Junio C Hamano <gitster@xxxxxxxxx> · Fri, 19 Feb 2016 16:11:55 -0800

Stefan Beller <sbeller@xxxxxxxxxx> writes:

> On Fri, Feb 19, 2016 at 2:29 PM, Junio C Hamano <gitster@xxxxxxxxx> wrote:
>> Stefan Beller <sbeller@xxxxxxxxxx> writes:
>>
>>> Doing a 'git fetch' only and not the fetch for the specific sha1 would be
>>> incorrect?
>>
>> I thought that was what you are attempting to address.
>
> Yep. In an ideal world I would imagine it would look like
>
>     if $sha1 doesn't exist:
>         fetch $sha1
>         if server did not support fetching direct sha1:
>             fallback to fetch <no args>

It should look more like this:

	if $sha1's history and objects are incomplete:
		fetch ;# normally just like we have done before
                if $sha1's history and objects are still incomplete:
			fetch $sha1

as existing users already expect that commits and objects that are
reachable from tips of refs configured to be fetched in the
submodule via its configured refspecs are available after this part
of the code runs, regardless of this "Gerrit reviews may not have
arrived to branches yet" issue.  The first "normal" fetch ensures
that the expectation is met.

> Would it make sense in case of broken histories to not fetch
> (specially if the user asked to not fetch) and rather repair by
> making it a shallow repository?

Commits whose ancestors, trees and/or blobs are incomplete can and
do exist in a perfectly healthy repository and there is no breakage
in the history as long as such commits are not reachable from any of
the refs.

You can for example make a small fetch from 'pu' today, that results
in unpack-objects to be run instead of index-pack, and then make
another fetch from 'pu', making these loose objects unreachable from
anywhere.  Maybe there were 5 commits worth of objects in the
original transfer, and the objects necessary for the bottom 2 were
pruned away while the tip one still in the repository [*1*].

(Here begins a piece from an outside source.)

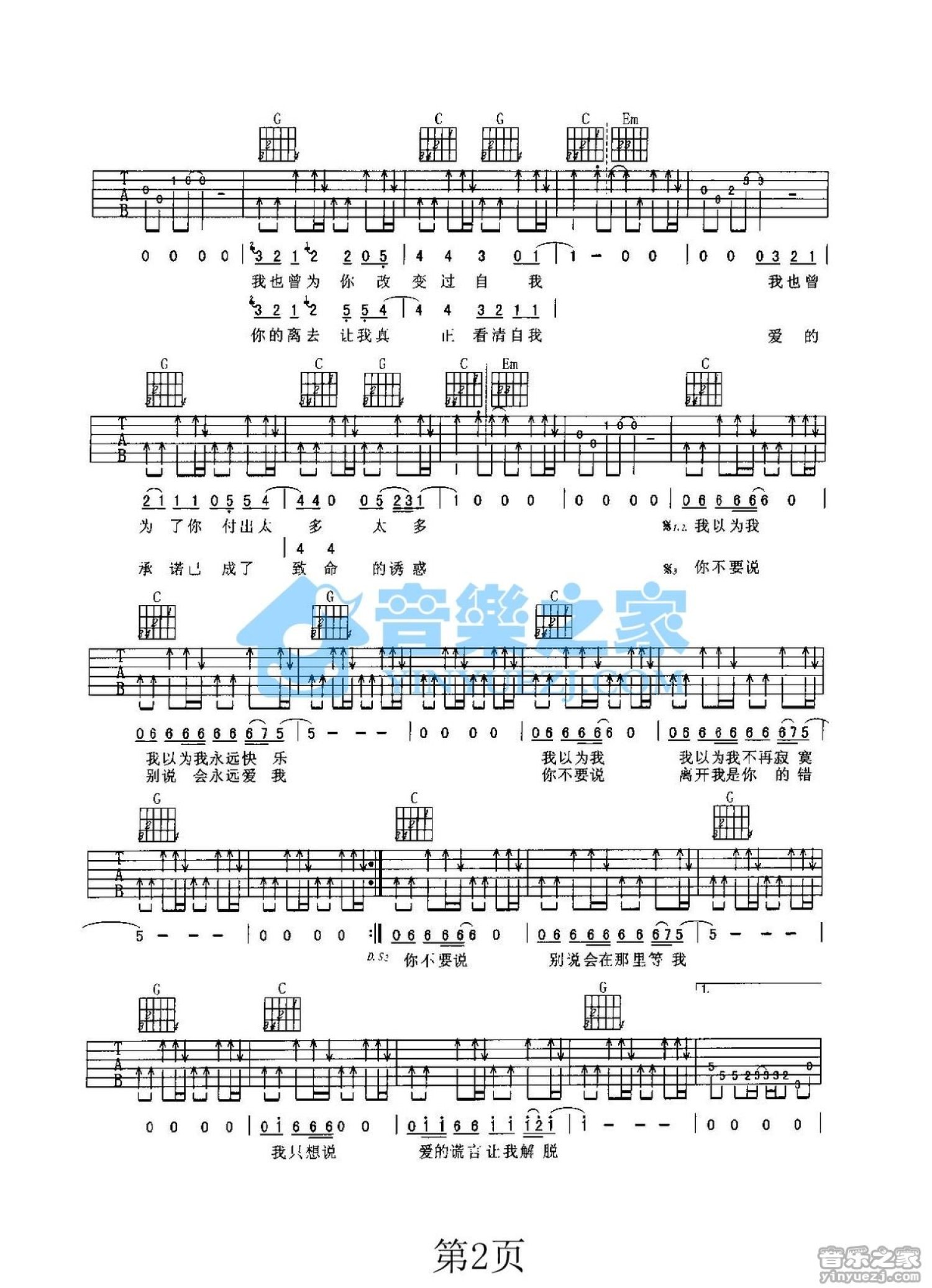 曲谱介绍: G调《爱的谎言》吉他弹唱六线谱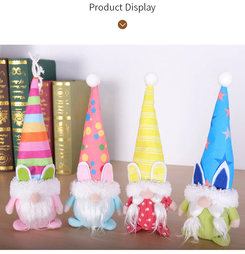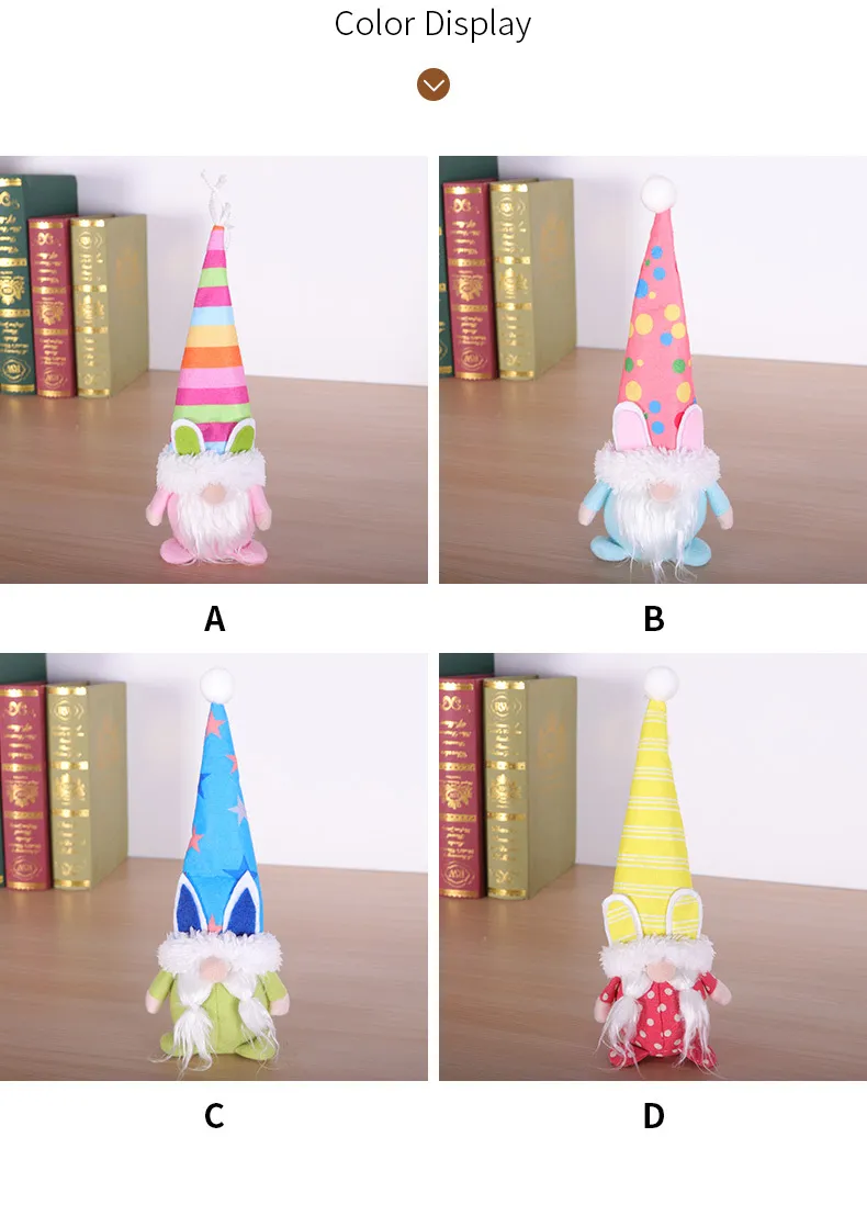 The Easter Decorative Creative Faceless Standing Posture Pointed Hat Rabbit Doll Ornaments offer a fun, artistic, and unique way to celebrate the season. Their charming, faceless design combined with their colorful pointed hats and standing posture make them perfect for Easter and spring décor. Whether you're adding a whimsical touch to your mantel, creating a fun centerpiece, or gifting them to someone special, these rabbit dolls bring a joyful spirit to your home, making them a must-have for your holiday décor collection.

"cat-file -e" may find that the tip commit is there, but "rev-list
--objects $oldtip --not --all" will find that the old tip of pu that
is left behind is incomplete and cannot be safely used (e.g. "git
log -p" would fail).  The "$sha1's history and objects are
incomplete" check aka "quickfetch()" test is a way to avoid getting
fooled by an object that passes "cat-file -e" test.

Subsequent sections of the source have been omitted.